The World Wide Web, commonly known as the Web, is a hypertext document management system that was first accessed via the Internet. It has since become the world's dominant software platform. Tim Berners-Lee, a British scientist, is credited with inventing the World Wide Web (WWW) in 1989 while working at CERN. The website was initially created to meet the need for automated information exchange between scientists from universities and institutes around the world.
Sir Tim Berners-Lee is a British computer scientist who was born in London to early computer scientists who worked on one of the first computers. Berners-Lee developed HTML, HTTP and URL, the building blocks for creating websites, all on his NeXT computer designed by Steve Jobs. He now spends most of his time on Solid, a platform designed to give people control of their own data instead of corporations. A web search engine or Internet search engine is a software system that is designed to perform web searches (Internet search), which means systematically searching the World Wide Web for specific information specified in a web search query.

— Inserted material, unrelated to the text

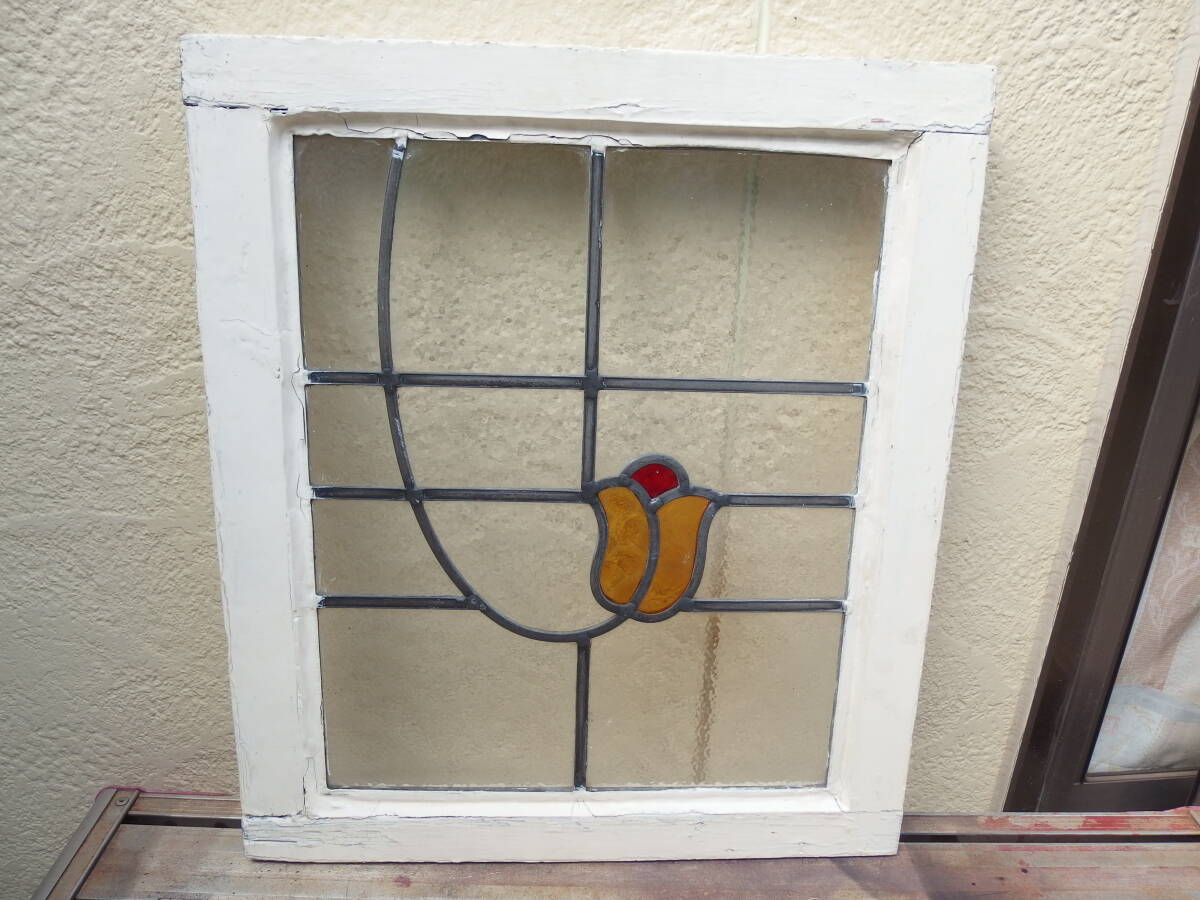 - 12)イギリス アンティーク ステンドグラス 花柄/木枠/フレーム/窓枠
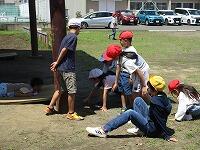 その代わり、1~6年生の縦割り班で集まり、年間5回遊ぶ内容を決めました。早く終わった班から、雨上がりの校庭に出て、水たまりを避けながら、ドッジボールやへびおに、鬼ごっこ、だるまさんがころんだなど、職員も一緒に班ごとに楽しく遊びました。

Website designers find it beneficial to collect resources such as CSS and JavaScript data into a few site-wide files so that they can be cached efficiently. By the late 1990s, Berners-Lee had developed the key technologies that underlie the Web, including Hypertext Markup Language (HTML), for creating web pages; the Hypertext Transfer Protocol (HTTP), a set of rules for transferring data over the Web; and Uniform Resource Locators (URLs) or web addresses to search for a document or page. Most of the technology involved in the web, such as hypertext, such as the Internet, multi-source text objects, had already been designed. Both Google and Amazon have filed patent applications for devices designed to listen to mood swings and emotions in the human voice. The design of WWW enabled easy access to existing information and an early web page linked to useful information for CERN scientists.